Хуже, чем заскок на убийстве, по моим представлениям, только идти на свою казнь. Фильмы, которые содержат такие сцены, расстраивают меня больше, чем все прочие виды насилия в кино вместе взятые. После финальной сцены «Танцующей в темноте» Ларса фон Триера, где Бьорк поет и танцует по дороге на эшафот, я буквально не могла подняться со своего места в зале. Я думала, работникам кинотеатра придется меня выносить. Это связано с моим глубоко укорененным неприятием смертной казни, но не только с ним. Я просто не могу вынести мысль о том, чтобы идти навстречу своей смерти, зная, что можешь быть не готов. На ватных ногах, едва сдерживая позывы опорожниться.
Возможно, это еще один способ сказать, что удел человеческий для меня невыносим.
Конечно, худшее, что может случиться, согласно тибетцам, это то, что ты можешь вернуться в мир голодным призраком или адским существом и прокатиться еще кружок на колесе сансары. Порой это звучит не так уж плохо.

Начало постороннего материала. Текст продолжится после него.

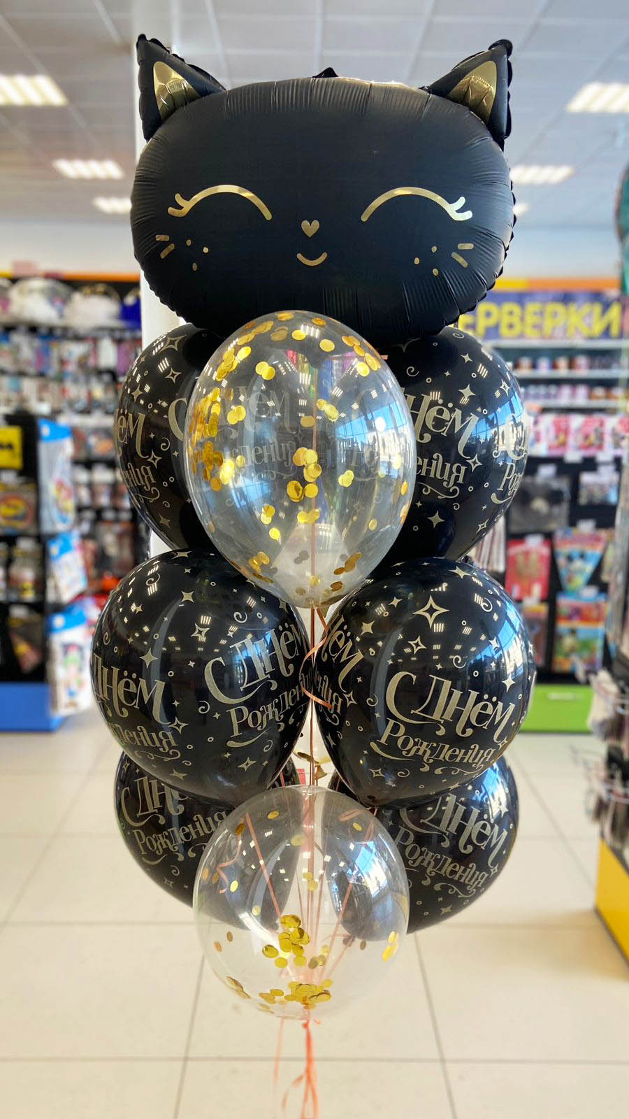Букет С Днем Рождения Кошка золото 10 шт

Пока мы мчались вниз по лестнице и по коридору в зал суда, ноги у меня стали ватными. Понятия не имею, почему. Моя жизнь не была на кону, равно как и жизнь Гэри, по крайней мере на самом техническом уровне. Милостью божьей, в Мичигане нет смертной казни. Никто из моей семьи не связывал свою будущую эмоциональную стабильность и благополучие с обвинительным приговором. Тридцать шесть лет — это долгий срок. И хотя в некоторых семьях время может подпитывать жажду «справедливости», о моей семье такого не скажешь. Никто из нас по сути не понимал экономику, в которой одной жизнью можно или должно «заплатить» за другую. За последние несколько месяцев я не раз слышала, как мой дед говорил, что лучше бы свободный Лейтерман посмотрел ему прямо в глаза и признал, что убил его дочь, чем он будет видеть, как Лейтерман гниет в тюрьме, отстаивая свою невиновность. Во время суда моя мать и я по очереди задавались вслух вопросом, не должен ли Лейтерман «заплатить» за убийство Джейн (если он его совершил) тем, что станет лучшим отцом, дедом, тренером женской команды по софтболу, медбратом, кем угодно — подразумевая, конечно, что он больше не представляет ни для кого опасности. Но Шрёдер, и Хиллер, и все остальные считают, что он совершенно точно опасен. Наверное, так считает и одна шестнадцатилетняя девочка где-то в Южной Корее.
Возможно, ноги у меня стали ватными из-за жены Лейтермана, Солли, или из-за их детей, его дочери, которая выглядела глубоко беременной. Или из-за Шрёдера, который поставил на это дело душу и сердце и теперь сует мне антистрессовый камешек в форме сердечка — погладить на удачу, — пока присяжные занимают свои места.
Тут пристав — прежде довольно веселый парень — вдруг становится пугающе серьезным. Он предупреждает нас, положив руку на кобуру, что, если он увидит хоть какую-нибудь эмоцию на наших лицах, пока зачитывается вердикт, он немедленно выставит нас из здания суда. Он говорит, что в делах об особо тяжких преступлениях решение дается коллегии присяжных чрезвычайно трудно, и горестные вопли, исходящие от любой из сторон, сделают их бремя только тяжелее.
Когда все расселись, встает старшина присяжных заседателей. Не мешкая, он говорит, что они пришли к решению. Он объявляет суду, что они признали подсудимого, Гэри Эрла Лейтермана, виновным в тяжком убийстве первой степени.
Председательствующий судья благодарит их, и они один за другим покидают зал. Совещание длилось четыре с половиной часа, включая перерыв на обед.
Как только за ними закрывается дверь, моя семья разражается бурей эмоций такой силы, какой я от них совсем не ожидала. Один взгляд на моего деда разбивает в пух и прах все мои представления о его психике. Это не лицо сухого, сдержанного старика. Это лицо отца, искаженное животными рыданиями. По очереди мы обнимаем его хрупкую девяностооднолетнюю фигуру, оседающую под этими волнами. Это волны не облегчения, а боли, застарелой боли. Он, наверное, и сам не знал, что хранил ее в себе. Затем я слышу, как впервые за двадцать лет, прошедшие после смерти моей бабушки, он произносит ее имя.
Я стараюсь не смотреть на семью Лейтермана. Я знаю, что они безутешны. «Справедливость», может, и свершилась, но сейчас зал суда — это просто комната, полная искалеченных людей, каждого и каждую из которых снедает собственная скорбь — и тяжелое облако скорбей повисает в воздухе.